<HTML>I ask you again: Is Mrs. Morris your mother in law? You definitvely have the same "civilised manners".
> 1. Ask any limestone geologist and he or she will say it's normal for 1 in 4 blocks to break when quarrying with modern methods. That's beside the point because some blocks can be salvaged to make smaller bricks and slabs.
I asked you to give SOURCES for this. You know what sources are? No, I don't think so. Therefore this is an unsupported claim made by you. So much for this matter.
And, as I told you: Just take a look at the pyramids. They used a jumble of totally un-uniform blocks, therefore breaking does not even matter (aside from the fact that you could not produce any proof for this during the last 2 weeks)
> 2. Ask anyone who runs a limestone quarry. Before blocks are quarried about 30 feet of waste rock is removed from the top level of the quarry. THIS FACT MUST BE CONSIDERED RELATIVE TO THE SIZE OF THE GIZA QUARRIES. I WRITE THIS IN CAPITALS BECAUSE IT IS VERY IMPORTANT.
This ist one of the silliest remarks you ever made. The thicknes of waste rock is individual for each quarry. I have a quarry only 5 minutes away, they are quarrying all stones just below the soil (which is about 1 m deep). In countries where there is no soil layer (eg. Egypt) you even only have to clear away a little rubble. When you base your ideas on such stupid suggestions I see where you have your funny thoughts from.
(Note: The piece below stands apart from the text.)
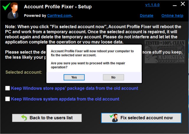 Account Profile Fixer was created to fix account profile related issues which can not be repaired without creating a new account.

BTW: In another post you meant, that these 30 feet (9 meters) were used for polymer. Well, for 6 Mio. cubic meters you would need a layer of 888 meters squared for all the pyramids - which has vanished completely because not a single bit of it can found anywhere in or around giza (and neither in the surrounding regions).
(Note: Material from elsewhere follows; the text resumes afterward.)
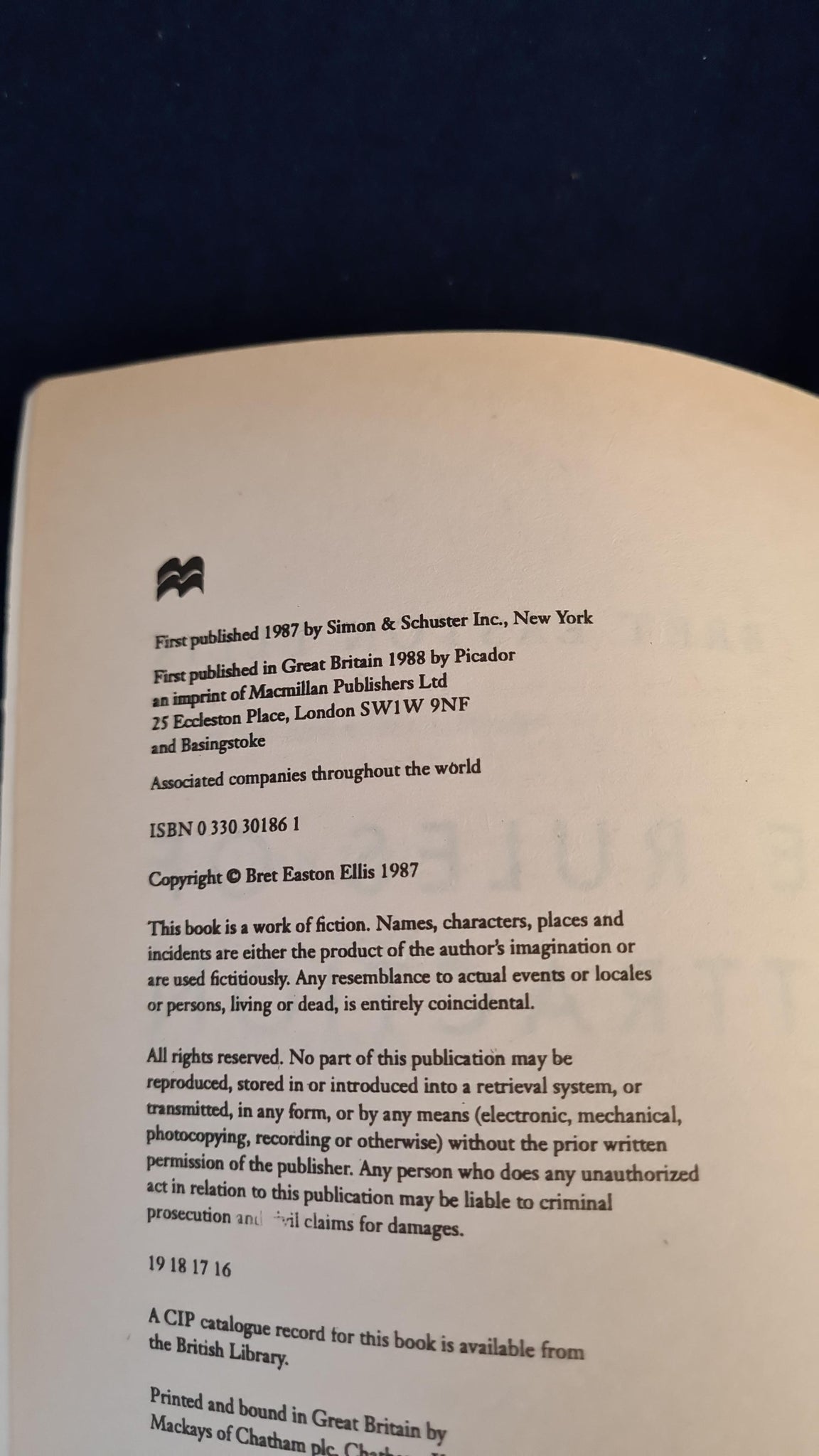 Bret Easton Ellis - The Rules of Attraction, Picador, 1987, Paperbacks

>Here's the real point. You keep avoiding the waste factor. It's critically important because the size of the quarries are measured and have been roughly compared to the size of the GP. They are each roughly the same volume! You don't have the liberty of assuming that waste is not critical to this issue so stop avoiding the problem.
I do not avoid any problems, unfortunately you are constantly evading or bending facts.
Let's examine "wastage". Let us assume, that the material for more than 1 block was broken in one turn (the trenches in the Kaphere-quarry on the northwest-corner are about 5 m long, so 5 blocks a time were obviously broken there). The trenches were about 20 cm wide and 1 m deep, that's about 1.4 cubic meters waste from the trencehs for one 5 x 1 m block. The block can then be seperated by chisels as can be seen on the unfinished stones in Meidum (see photo on my home page).
Compared with the volume of the whole block of 5 cubic meters the waste from the trenches is about 28%. So we have to add about 1.6 Mio. cubic meters to the whole volume of the Giza pyramids, we have ti look for quarries which hold about 7,68 cubic meters.
At the moment identified are 4 large areas (see Klemm, p. 54):
- main quarry was he plateau itself, about 3 m rock from the region around Chufu and about 7 m from Kaphere (remains to be found on Kaphere's northwest side) were used for the lower layers). Thats about 440 x 400 x 7 m for Kaphere (= 1,232 Mio m^3) and 250 x 600 x 3 m for Chufu (= 450 000 m^3)
- East of the eastern sanctuary, qarried about 360 x 60 x 40 m = 864 000 m^3
- South of the eastern sanctuary, 240 x 40 x 50 m = 480 000 m^3
- south of Kaphere's causeway, 200 x 160 x 20 m = 640 000 m^3
plus 250 x 250 x 40 m = 2.5 Mio m^3
- South of Menkaure 240 x 200 x 40 m = 1.92 Mio m^3
It's a total volume of about 8 Mio m^3 - although one of the quarries used for Chufu and Kaphere is not found yet and smaller quarries like the Sphinx enclosure or Hitan el Gurob are not included.
BTW: Klemm states on p. 54-57, that one speciality of the smaller Kaphere and the large menkaure quarries is, that there are many prepares but not yet llosened blocks, that marka aout OK work especcialy loosening blocks with levers can betraced through the whole region and that lare areas of these quarry regions have been "pre-trenched" in OK times. The time horizont is clear, because som Menkaure-priests built their graves over the trenching of the ground, so these traces cannot be younger than Menkautre or even Kaphere.
And Klemm states thet the whole Giza region has useable stone just up to the surface (that's the reason why surface stone was used in so large amounts in the pyramids)
Case closed, fotrget your artificial stone fantasies. I will not waste another minute for this folly.